You are asked to copy the entire listing exactly, apart from its pictures.

* _Data to process_:
* * * * * * *
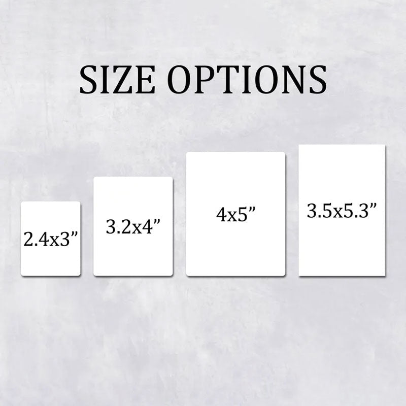 Size options: 2.4"x3", 3.2"x4", 4"x5", 3.5" x 5.3"
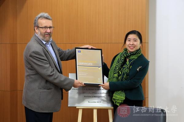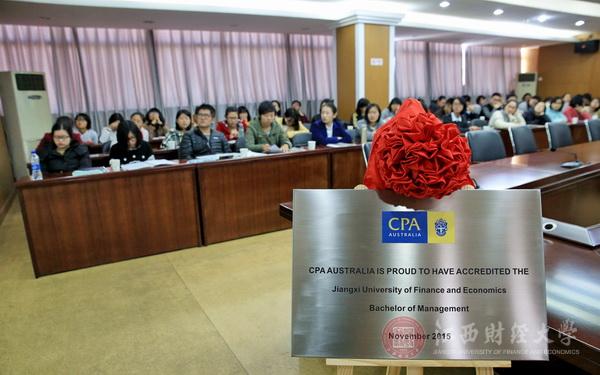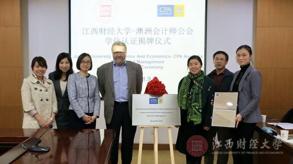 11月9日,江西财经大学与澳洲会计师公会(CPA Australia)学位认证揭牌仪式举行。国际学院院长杨慧与澳洲会计师公会课程认证高级顾问Ron Woolley共同为学位认证仪式揭牌。澳洲会计师公会上海办事处高级业务拓展经理龚浩莹、业务拓展主任钱茵、国际学院副院长陈卫东、副院长李庆以及学院师生参加了揭牌仪式。这是继今年1月获得美国CFA协会认证之后,我校再次成为第一家获得澳洲会计师公会认证的省内高校。这一认证标志着我校国际会计方向的本科专业课程设置与教学质量获得了国际权威会计专业团体的高度认可,体现了我校国际化办学取得的成果。
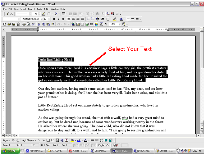 - If you have already typed text it
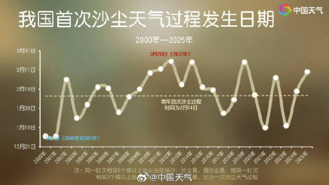 从中国天气网的统计数据来看,我国一年12个月份都曾有沙尘出没,其中春季(3至5月)最高发,秋冬季沙尘天气相对少见,但也并非完全没有。
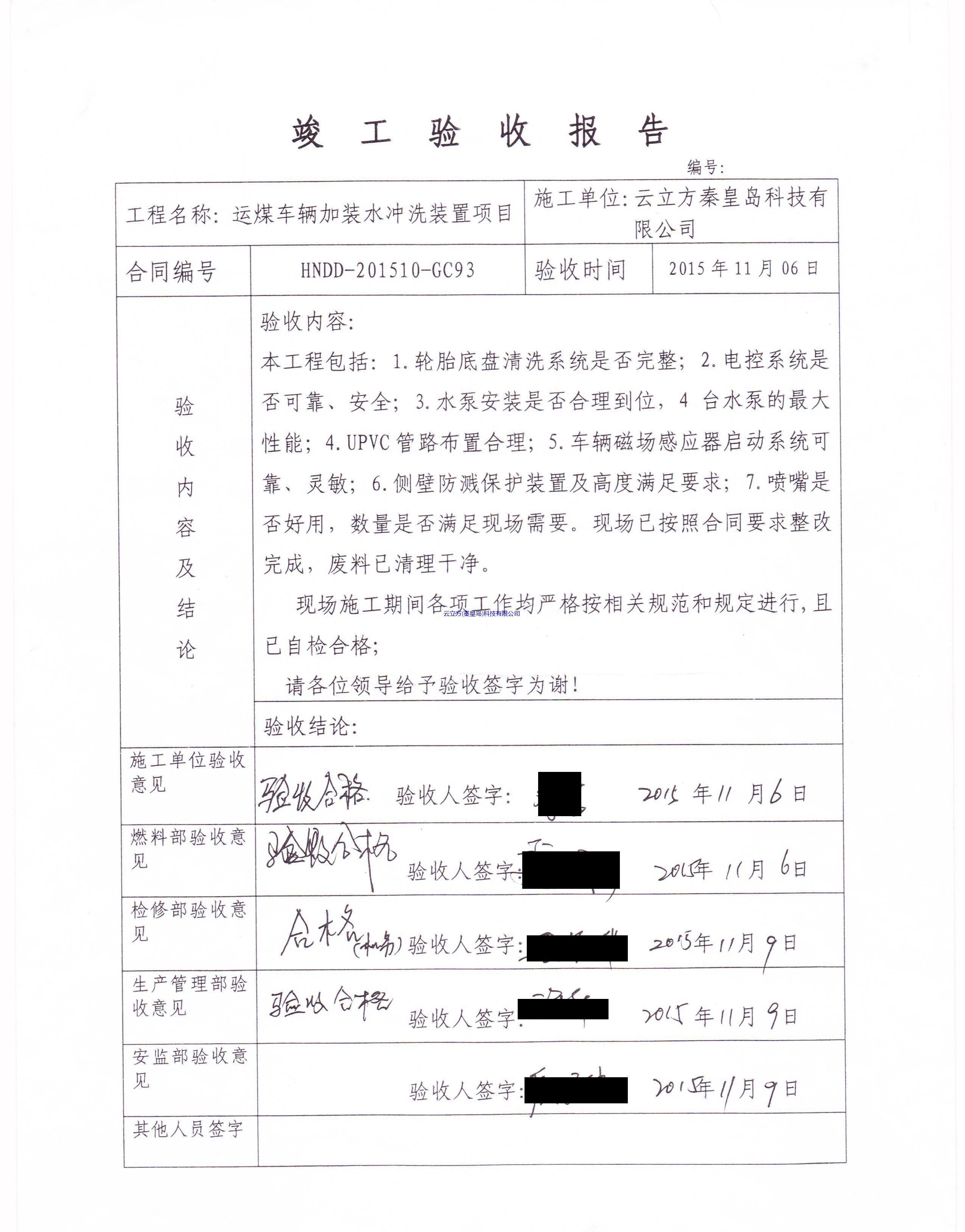 由云立方秦皇岛科技有限公司承接的华能云南滇东能源有限责任公司车轮清洗系统项目顺利通过验收。
* * * * * * *
* _Reply_:
 Size options: 2.4"x3", 3.2"x4", 4"x5", 3.5" x 5.3"
 11月9日,江西财经大学与澳洲会计师公会(CPA Australia)学位认证揭牌仪式举行。国际学院院长杨慧与澳洲会计师公会课程认证高级顾问Ron Woolley共同为学位认证仪式揭牌。澳洲会计师公会上海办事处高级业务拓展经理龚浩莹、业务拓展主任钱茵、国际学院副院长陈卫东、副院长李庆以及学院师生参加了揭牌仪式。这是继今年1月获得美国CFA协会认证之后,我校再次成为第一家获得澳洲会计师公会认证的省内高校。这一认证标志着我校国际会计方向的本科专业课程设置与教学质量获得了国际权威会计专业团体的高度认可,体现了我校国际化办学取得的成果。
 - If you have already typed text it
 从中国天气网的统计数据来看,我国一年12个月份都曾有沙尘出没,其中春季(3至5月)最高发,秋冬季沙尘天气相对少见,但也并非完全没有。
 由云立方秦皇岛科技有限公司承接的华能云南滇东能源有限责任公司车轮清洗系统项目顺利通过验收。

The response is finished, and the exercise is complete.